Predicting energy consumption in buildings has received great research attention, but current machine learning methods can only extract some of the features due to the complexity of meteorological features and the variability of the number of workers in the building. Therefore, as an innovation in the construction of the predictive model, this study combines data denoising and smoothing to simplify the basic parameters of the model and fully extract the features of the data. T-SNE is used to denoise the data [24]. To reduce the influence of abnormal data on prediction accuracy, visualization and comparison experiments are carried out with three types of dimensionality reduction. Meanwhile, the bidirectional gated cycle unit (BIGRU) model is selected as the base model [25]. This simplified structure helps improve operational efficiency. The BIGRU model can be applied to the prediction of building energy consumption data on a large scale. BIGRU is used for the appropriate extraction of time series features to highlight the influence of different time series nodes on energy consumption, an attention mechanism is introduced to increase the weighting of key time steps, and high-level time series features are further extracted by a temporal convolution network (TCN) layer. The combined effect of these elements is a significant improvement in the model's operating efficiency, stability, and accuracy. The model can help provide statistical support for safe building operation.
The main contributions of this paper can be summarized as follows:
1. The use of TCN with BIGRU can capture features on different time scales and is thus proposed for the first time.
2. The introduction of the attention mechanism into the above model improves the problem of dealing with nonlinear relationships and multi-feature sequences.
3. The experimental results show that our model has a higher prediction accuracy than the four mainstream models used for comparison.
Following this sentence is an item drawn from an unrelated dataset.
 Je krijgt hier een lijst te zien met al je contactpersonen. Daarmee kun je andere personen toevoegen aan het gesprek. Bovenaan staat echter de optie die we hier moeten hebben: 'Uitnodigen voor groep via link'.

The remainder of the paper is structured as follows: Section 2 introduces related work. Section 3 describes the functionality of each module. Section 4 presents the experimental results and analysis, and Section 5 presents the conclusion.
As the main body of public buildings, office buildings have a high energy-saving potential and low transformation costs. Accurate and effective building energy consumption prediction is an important basis for the selection of energy-saving retrofit programs for existing office buildings and for the optimal energy-saving design of new buildings.
Currently, physical and data models, which respectively use thermodynamic principles and machine learning techniques, are the most common methods of forecasting energy use. Given that physical models are time-consuming and require detailed building information and environmental parameters (e.g., building construction details, operation schedules, physical parameters) [3], the lack of accurate input data often leads to poor energy consumption simulation results in practical applications. With the increase of data volume and arithmetic power, data models are gradually being developed from shallow machine learning to deep learning. Deep learning extracts and learns features directly from data through multiple network layers and has a strong model representation capability. Compared with traditional machine learning, the prediction accuracy of deep learning models increases with the training data. Thus, many researchers have made use of software simulation, statistical analysis, neural networks, and SVMs to forecast the energy usage of buildings and obtained particular outcomes. However, with the increasing number of energy and building types, and given the characteristics of large-scale public building energy consumption, the conventional methods for predicting energy consumption in buildings are increasingly facing issues, such as low prediction accuracy, non-real-time results, and an extremely long prediction cycle, preventing them from meeting the actual needs. Researchers have been attempting to address these problems. Liu et al. [26,27,28,29] proposed a new approach about perceptual networks and feature learning in the industrial field.
Given the above issues, this paper designs a set of building energy consumption prediction models, the model has better prediction accuracy than the traditional prediction model and meets the realistic demand.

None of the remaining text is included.